The technology also offers a “more thoughtful way” to handle recommendations, instead of simply spotting a customer has bought a product and then highlighting other products purchased by other customers who’d bought the same product.
Cockroach Labs’ core financial and large enterprise customers were not necessarily asking for these capabilities yet, he said: “But they will be.”
For all the talk of coders being squeezed out by generative AI, Kimball said he couldn’t foresee the prospect of AI writing a database. However, he said, there were some key ways AI could augment current databases.
One obvious application is education and support, and he said Cockroach Labs was using AI for its education programs both to evolve lesson plans and to have them delivered by “human-like actors”.
“It’s kind of crappy compared to when you do it with humans. It’s not quite there yet,” he said. But the speed at which you can do it is pretty mind-blowing. So, we’re experimenting in areas like that.”
More directly, he said Cockroach Labs was examining how AI could be used for optimizing queries. “We often get issues where somebody writes kind of a boneheaded query. And when it actually goes to execute, even the optimizer can’t do a good job on it. And so, it provides really bad results.”
Sometimes the user can rewrite the offending query or escalate it to Cockroach Labs to help.
However, he said, this was a task that really lent itself to being taken on by AI. “What you can do is you can put the AI before the optimizer inside the database. Those queries come in, [and] can be rewritten by the AI to turn something boneheaded into something good that the optimizer can do the right thing with.”
Another major use case is in database consolidation, something most of Cockroach Labs’ big customers are looking to achieve.
“They want to move a bunch of old use cases that are increasingly long in the tooth and hard to support into the new world onto the cloud onto Cockroach, from Oracle from Db2 mainframes.” But the cost of moving software to a new database is not trivial.
The Limits of LLMs
AI code generation was “nowhere close” to being able to produce a database. “It can’t reason about how these complex systems should be put together. “
But, Kimball continued, “If you want it to do a point-by-point migration, from one database index to another as an example, that is a solved problem.”

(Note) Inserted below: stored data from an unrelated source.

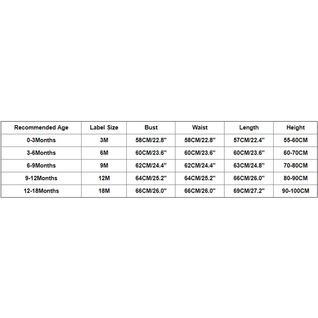 Рекомендуемый возраст Этикетка Размеры Обхват груди Обхват талии Длина Высота От 0 до 3 месяцев 3 м 58 см/22,8'' 58 см/22,8'' 57 см/22,4'' 55-60 см От 3 до 6 месяцев 6 м 60 см/23,6'' 60 см/23,6'' 60 см/23,6'' 60-70 см От 6 до 9 месяцев От 9 месяцев 62 см/24,4'' 62 см/24,4'' 63 см/24,8'' 70-80 см 9 to 12months Размеры от 12 мес. Высота голенища 64 см; 25,2'' Высота голенища 64 см; 25,2'' 66 см/26,0'' Рост 80-90 см 12-18Months 18M 66 см/26,0'' 66 см/26,0'' 69 см/27,2'' 90-100 см
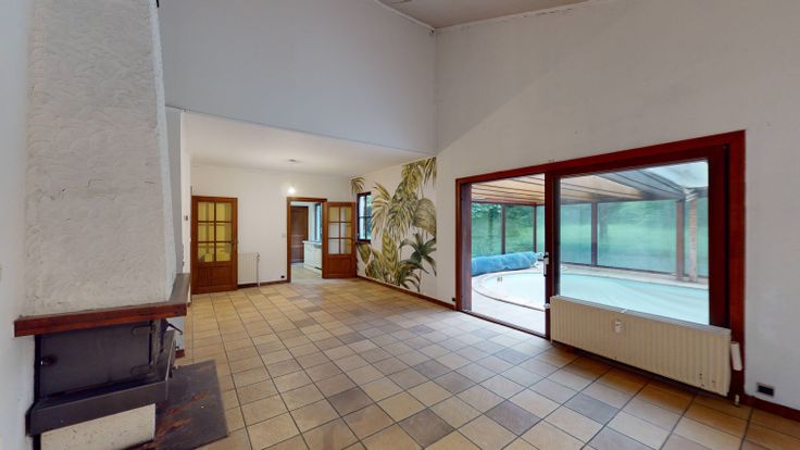 Avec une surface habitable de 300 m², cette maison à rénover présente un potentiel intéressant. Elle se compose de 4 chambres, d’un grand séjour/salle à manger, d’une salle de bain, d’une buanderie, d’une cuisine, d’un patio et d’une piscine offrant une vue dégagée sur le vaste jardin.
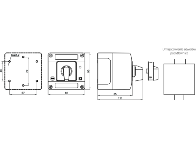 Łącznik krzywkowy 16A, rozłącznik 0-1 (2-biegunowy), w obudowie OB12 z czołem zamykanym żółto/czerw
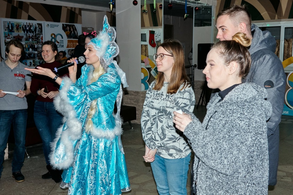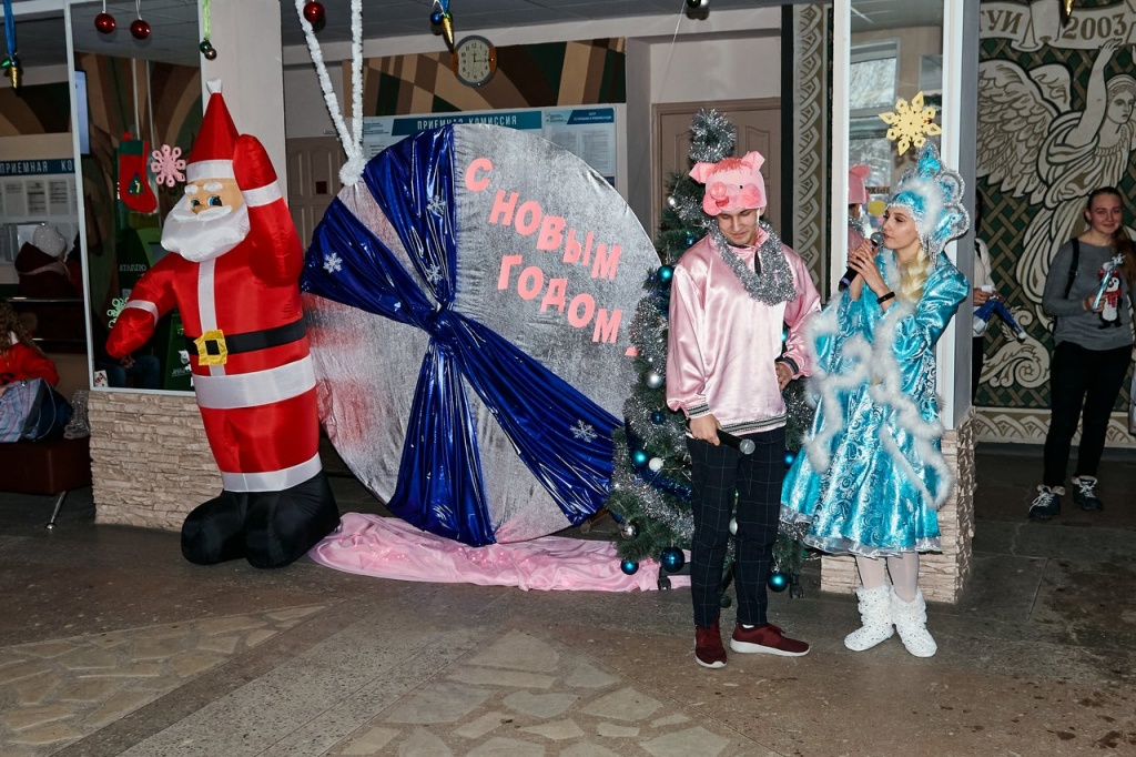 Открытие началось с инсценировки. Снегурочка потеряла своего друга Хрюшку, а ребята помогали ей отыскать его. Когда же Хрюшка, символ уходящего года, нашелся, начались задорные конкурсы и хороводы. Так, весело проводив Хрюшку на заслуженный отдых, Снегурочка объявила начало праздничных новогодних мероприятий в НТГСПИ и призвала всех радостно встретить наступающий 2020 год, символом которого будет являться Крыса.
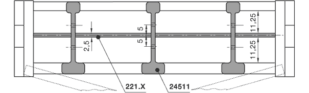 Please note: In addition to the outer width of the chain, there are 31 mm for the width of the two gliding elements!

“So, we’re thinking of this as a way to accelerate adoption pretty dramatically.”
This would be particularly appealing for the financial sector companies which are the key market for Cockroach Labs. They often have multiple legacy databases which are notoriously difficult to shake off.
They also appreciated the “open source exit ramp” Cockroach effectively offers, Kimball said.
At the high end of the market where Cockroach Labs operates, “When you’re choosing a database these days, you want to be careful about what kind of lock-in you’re going to entertain.”
Rubs the Wrong Way
When it comes to AI, by contrast, Kimball said it was “a little bit disturbing” how much dominance Microsoft and OpenAI have gained so quickly.
Despite the “open” moniker: “It’s very protected and not only that, they’re suggesting because of this AI ‘doomerism,’ that nobody else should be able to make these big models.”
He noted, “That doesn’t rub me the right way.”
But, he added, “I have extreme doubts about how imminent Artificial General Intelligence is. And that’s contra many super intelligent people in the field … I actually think there’s something more unique about human cognition that has not been anywhere near captured in these LLMs.”